### Prompt
For every record beneath this instruction, give an exact repetition, omitting images.

### Available data
──────

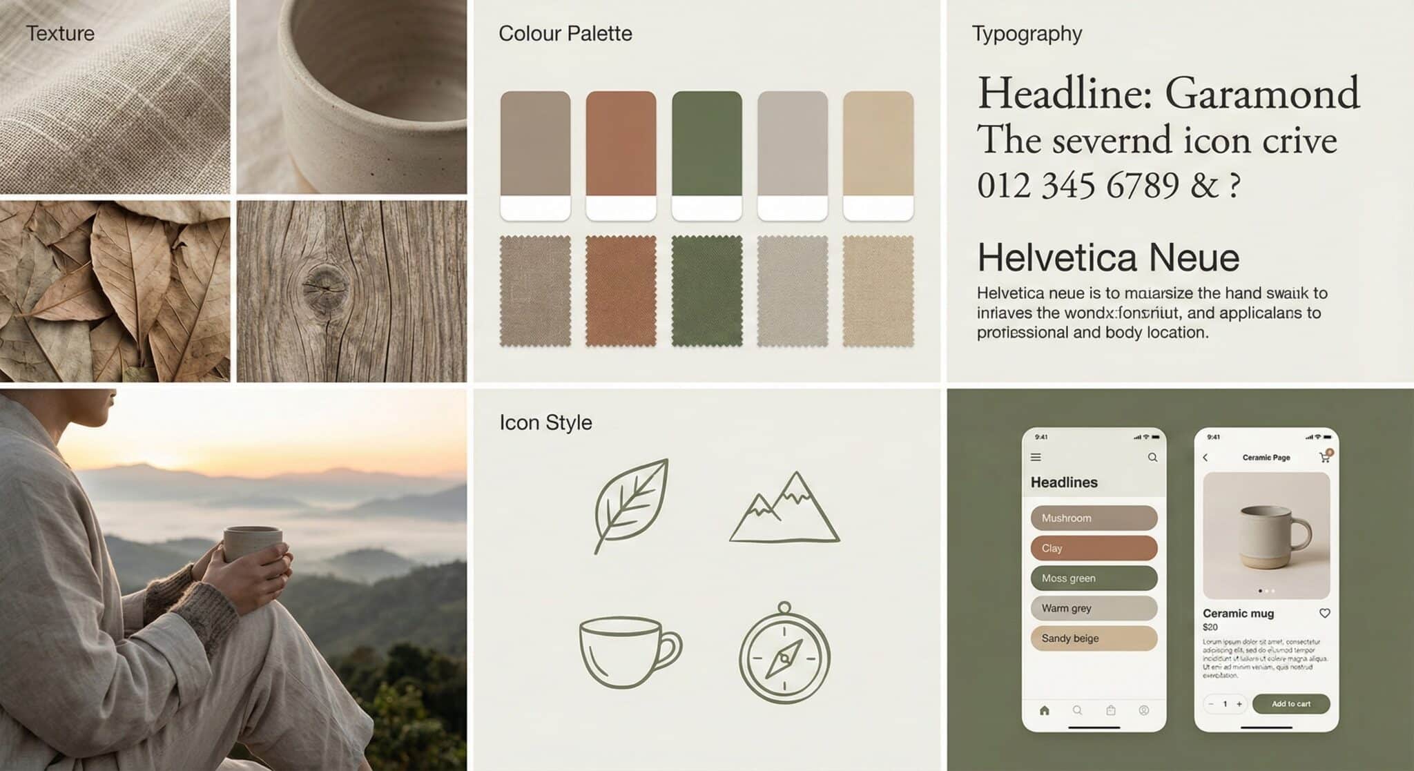 Aesthetic brand mood board with 6 panels: texture, colour palette, typography, lifestyle photo, icon style, and UI sample. Muted earthy tones.
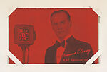 From TV and Radio Stars Exhibit Cards series (W409). Distributed by Exhibit Supply Company of Chicago, Mutoscope or other companies. Postcard-sized thick card. Dispensed in arcade machines. Black and white or sepia toned cards. Red toned.
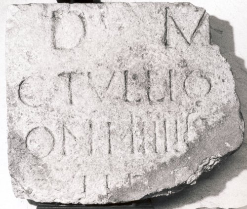 - ISCRIZIONI fronte - D(is) M(anibus) [s(acrum?)]. / C(aio) Tullio [Ursi]/ oni IIIIII [vir(o)]. / [- T]ulli[us ---] / ------. - Lettere posate maiuscole - Incisione - latino
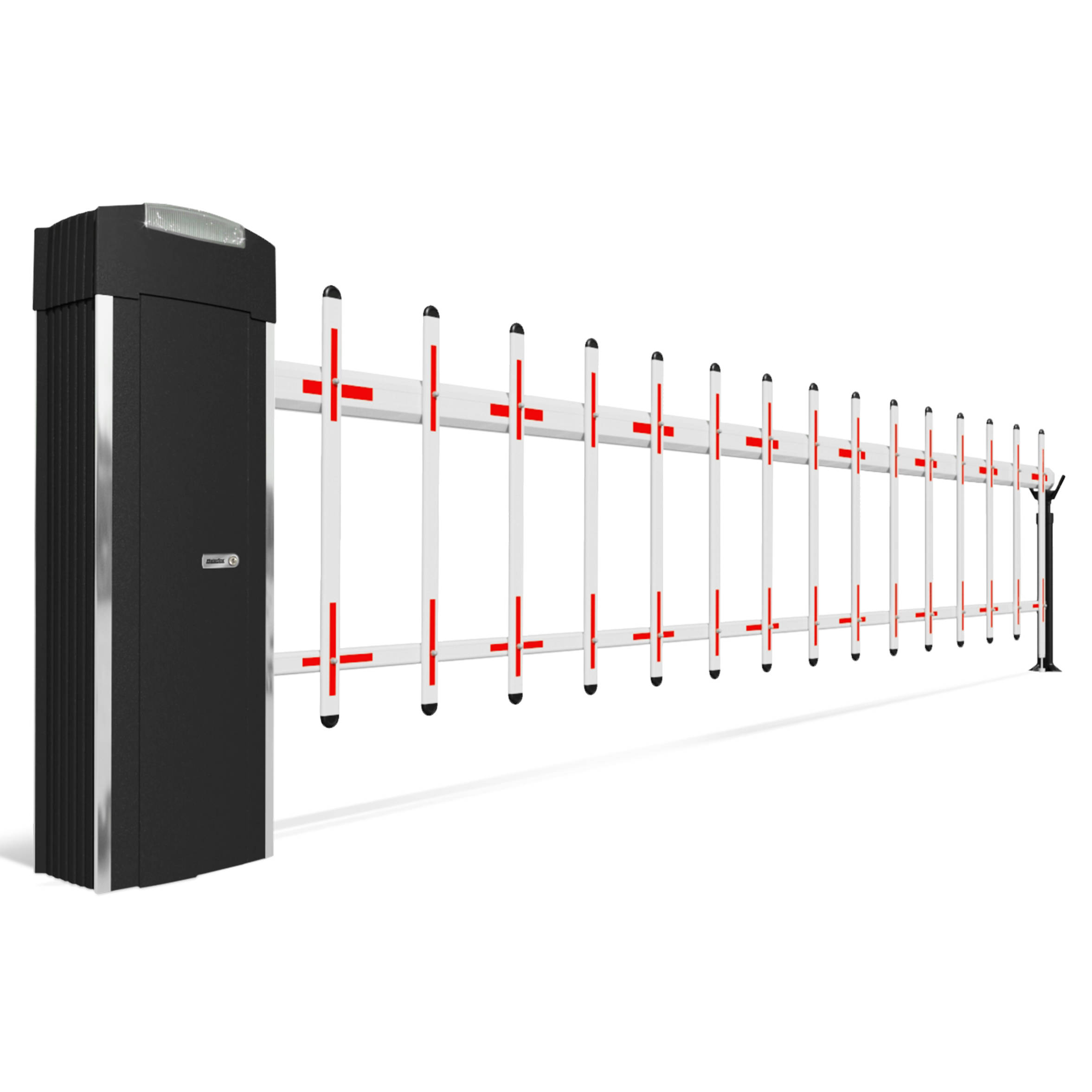 Barrière électromécanique avec châssis en acier galvanisé et revêtement extérieur en aluminium laqué sablé. Il intègre une lisse en aluminium jusqu’à 5m avec filet articulé, idéale pour le contrôle du trafic et l’interdiction de passage.
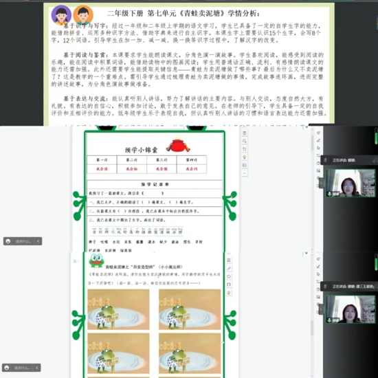 首先,徐小娜老師分享了第一工作坊智慧的結(jié)晶——二年級下冊第七單元第6-9課時(shí)的教學(xué)設(shè)計(jì)。基于單元主題,圍繞“六一”節(jié)目展演的大情境,深耕共研。為達(dá)成教學(xué)目標(biāo),老師們挖苦心思設(shè)計(jì)了適合低年級學(xué)情的教學(xué)活動——內(nèi)容豐富、環(huán)環(huán)相扣,而且創(chuàng)新設(shè)計(jì)了助學(xué)工具——預(yù)學(xué)小錦囊、青蛙過河、泥塘變形記、百變造型師等學(xué)習(xí)手冊,受到老師們的嘖嘖稱贊!
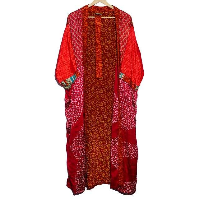 Indian Vintage Recycled Silk Saree Kimono Robe Women Lightweight Floral Wrap Dress Spring Summer Autumn Sleepwear Thermal
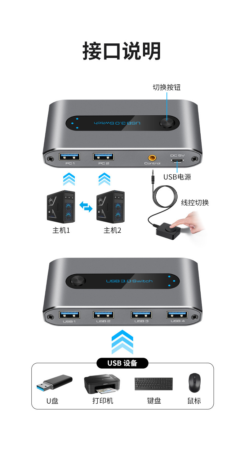Usb 스위처 프린터 공유기 usb3.0 4 대 2 대 2 컴퓨터 공유 4 USB 장치
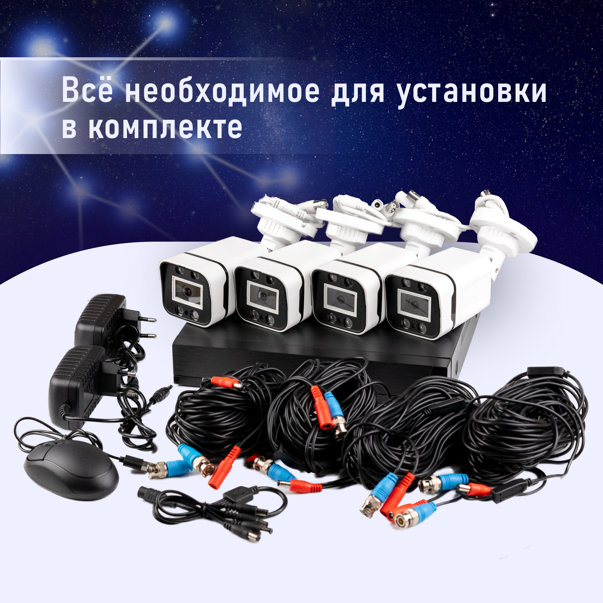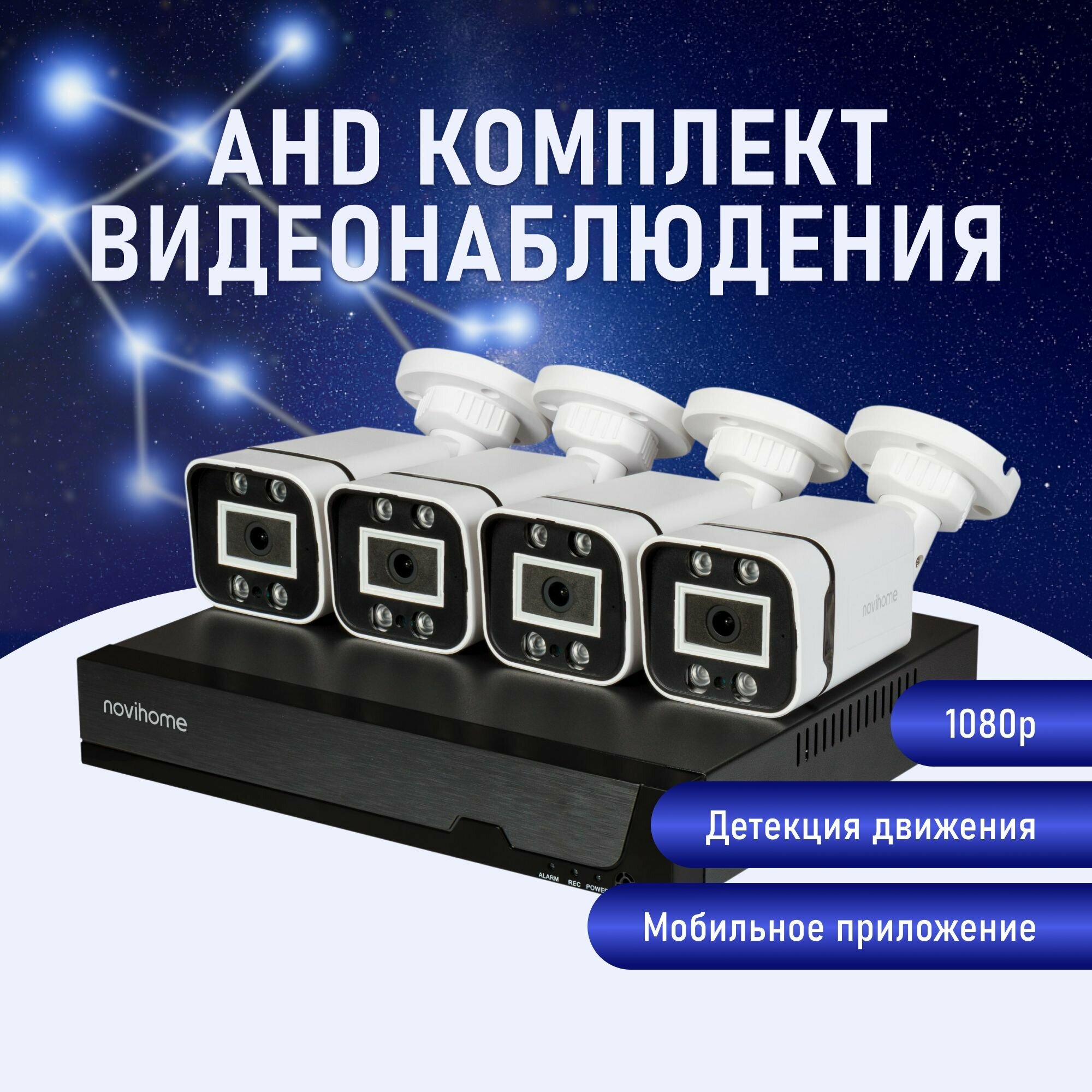 Купить Комплект видеонаблюдения AHD 4 уличные камеры и регистратор Novihome Pollux. Для дома, дачи, офиса
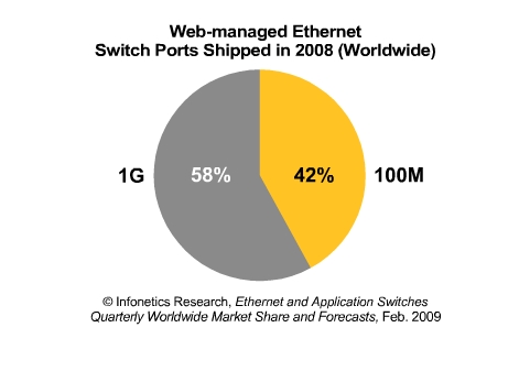 2008年,1G固定配置PoE(power over Ethernet)端口出貨量增長(zhǎng)了56.4%。
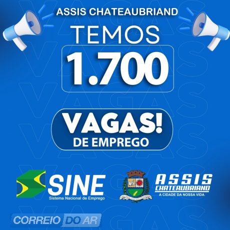 A Agência do Trabalhador - SINE de Assis Chateaubriand divulgou, nesta segunda-feira (13), que estão abertas 1.700 oportunidades de trabalho em diversas áreas. As vagas contemplam diferentes níveis de qualificação e setores, oferecendo uma excelente chance para quem busca inserção ou recolocação no mercado de trabalho.

──────

### Task response
 Aesthetic brand mood board with 6 panels: texture, colour palette, typography, lifestyle photo, icon style, and UI sample. Muted earthy tones.
 From TV and Radio Stars Exhibit Cards series (W409). Distributed by Exhibit Supply Company of Chicago, Mutoscope or other companies. Postcard-sized thick card. Dispensed in arcade machines. Black and white or sepia toned cards. Red toned.
 - ISCRIZIONI fronte - D(is) M(anibus) [s(acrum?)]. / C(aio) Tullio [Ursi]/ oni IIIIII [vir(o)]. / [- T]ulli[us ---] / ------. - Lettere posate maiuscole - Incisione - latino
 Barrière électromécanique avec châssis en acier galvanisé et revêtement extérieur en aluminium laqué sablé. Il intègre une lisse en aluminium jusqu’à 5m avec filet articulé, idéale pour le contrôle du trafic et l’interdiction de passage.
 首先,徐小娜老師分享了第一工作坊智慧的結(jié)晶——二年級下冊第七單元第6-9課時(shí)的教學(xué)設(shè)計(jì)。基于單元主題,圍繞“六一”節(jié)目展演的大情境,深耕共研。為達(dá)成教學(xué)目標(biāo),老師們挖苦心思設(shè)計(jì)了適合低年級學(xué)情的教學(xué)活動——內(nèi)容豐富、環(huán)環(huán)相扣,而且創(chuàng)新設(shè)計(jì)了助學(xué)工具——預(yù)學(xué)小錦囊、青蛙過河、泥塘變形記、百變造型師等學(xué)習(xí)手冊,受到老師們的嘖嘖稱贊!
 Indian Vintage Recycled Silk Saree Kimono Robe Women Lightweight Floral Wrap Dress Spring Summer Autumn Sleepwear Thermal
Usb 스위처 프린터 공유기 usb3.0 4 대 2 대 2 컴퓨터 공유 4 USB 장치
 Купить Комплект видеонаблюдения AHD 4 уличные камеры и регистратор Novihome Pollux. Для дома, дачи, офиса
 2008年,1G固定配置PoE(power over Ethernet)端口出貨量增長(zhǎng)了56.4%。
 A Agência do Trabalhador - SINE de Assis Chateaubriand divulgou, nesta segunda-feira (13), que estão abertas 1.700 oportunidades de trabalho em diversas áreas. As vagas contemplam diferentes níveis de qualificação e setores, oferecendo uma excelente chance para quem busca inserção ou recolocação no mercado de trabalho.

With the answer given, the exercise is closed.